Pizarro: Ja, ich hatte das immer gerne, wenn sich erfahrene Spieler um mich gekümmert haben. Als ich 1999 mit 20 Jahren nach Bremen kam, waren das vor allem Andi Herzog und Dieter Eilts. Nach meinem Wechsel zu Bayern 2001 hat mir Stefan Effenberg sehr geholfen.

Sie sind noch zweimal nach Bremen und einmal nach München zurückgekommen. Die Nestwärme einer Heimat scheint Ihnen wichtig zu sein.

Pizarro: Ja. In Bremen und München habe ich mich auch wegen der Leute immer wohl gefühlt – das ist für mich wichtig, aber auch für meine Familie. Ich identifiziere mich total mit den Vereinen, bei denen ich spiele.

Andere prominente Fußballer jenseits der 30 wechseln gerade nach China und kassieren noch einmal ganz groß ab. Sie hingegen tun sich den Abstiegskampf mit Werder Bremen an. Warum?

Pizarro: Ich will dem Verein, der mir damals den Einstieg in Europa ermöglicht und mir so viel gegeben hat, etwas zurückgeben. Und was den Abstiegskampf betrifft: Mit dieser Mannschaft ist hier noch viel mehr möglich, als wir bisher gezeigt haben. Dafür werde ich kämpfen.

Ihr Vertrag läuft zum Saisonende aus. Ihr früherer Sturmpartner Ailton hat Werder bereits zum Verlängern aufgefordert.

Pizarro: (lacht) Das habe ich auch gelesen.

Aber wenn der Experte Ailton das sagt, dann muss man das doch machen, oder?

Pizarro: Sagen wir es so: Wenn alles gut läuft, machen wir es vielleicht.

Am Samstag geht es wieder los für Werder. Erst kommt Borussia Dortmund nach Bremen, eine Woche später der FC Bayern.

Pizarro: Ja, die beiden leichtesten Gegner, die man in der Bundesliga haben kann (lacht). Es wird sehr schwierig für uns. Unser Vorteil ist, dass wir zu Hause spielen.

Vor der Saison hatten viele Dortmund als Konkurrenten der Bayern eingestuft, nun ist es Leipzig. Wird sich Ihr ehemaliger Klub am Ende doch durchsetzen?
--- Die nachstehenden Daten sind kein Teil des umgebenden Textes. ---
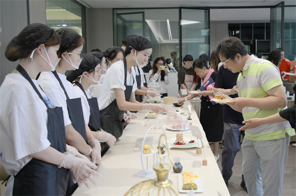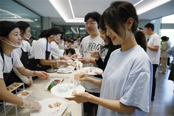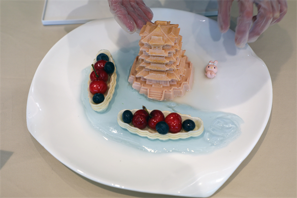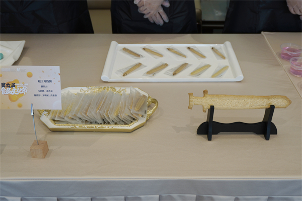 “黄鹤楼饼干”“越王勾践剑”、汤包、冰粉、绿豆汤、钵钵鸡……开幕式结束后,与会嘉宾和师生们移步食品品鉴区,学生们独具特色的创意食品和湖北本地特色小吃一应俱全,深深地吸引了大家尝一尝的兴趣。“这些食品不仅外形美观,还保留了食材原本的味道,避免了过度的甜腻,更好地满足了现代人对健康饮食的追求。”仟吉企业代表刘自力品尝美食后对同学们的创新能力和专业素养给予高度评价。

Pizarro: Die Dortmunder haben mich auch überrascht. Ich hatte gedacht, dass sie jetzt schon vorne mitmischen würden. Ob die Leipziger das eine ganze Saison lang durchhalten können, ist die Frage. Wenn sie es schaffen sollten, wäre es überragend. Aber ich glaube, am letzten Spieltag werden wieder die Bayern oben stehen.

Als Peruaner werden Ihnen die Namen Charly Körbel, Ata Lameck, Klaus Fichtel und Willi Neuberger vermutlich nichts sagen.

Pizarro: Nein, die kenne ich nicht. Wer sind die Männer?

Die gehören zum Klub der 500er. Jeder von ihnen hat mehr als 500 Bundesligaspiele, erst elf Spieler haben das geschafft.

Pizarro: Wow! 500, das ist stark. Wie viele habe ich?

418. Sie sind von allen aktuellen Bundesligaspielern der erste, der auch die 500 erreichen könnte. Das wäre doch mal ein Ziel.

Pizarro: Hm, das wird schwer (lacht).

Was haben Sie nach Ihrer Karriere vor?

Pizarro: Ich will auf jeden Fall im Fußball bleiben. Vielleicht wäre Manager eine Möglichkeit, Trainer eher nicht. Als Trainer musst du noch mehr Zeit aufbringen als ein Spieler. Der Trainer ist ständig unterwegs, muss alles analysieren. Ich brauche mehr Zeit für meine Familie. Meine Tochter macht schon Druck. Zum Glück sagt meine Frau: Lass Papa entscheiden.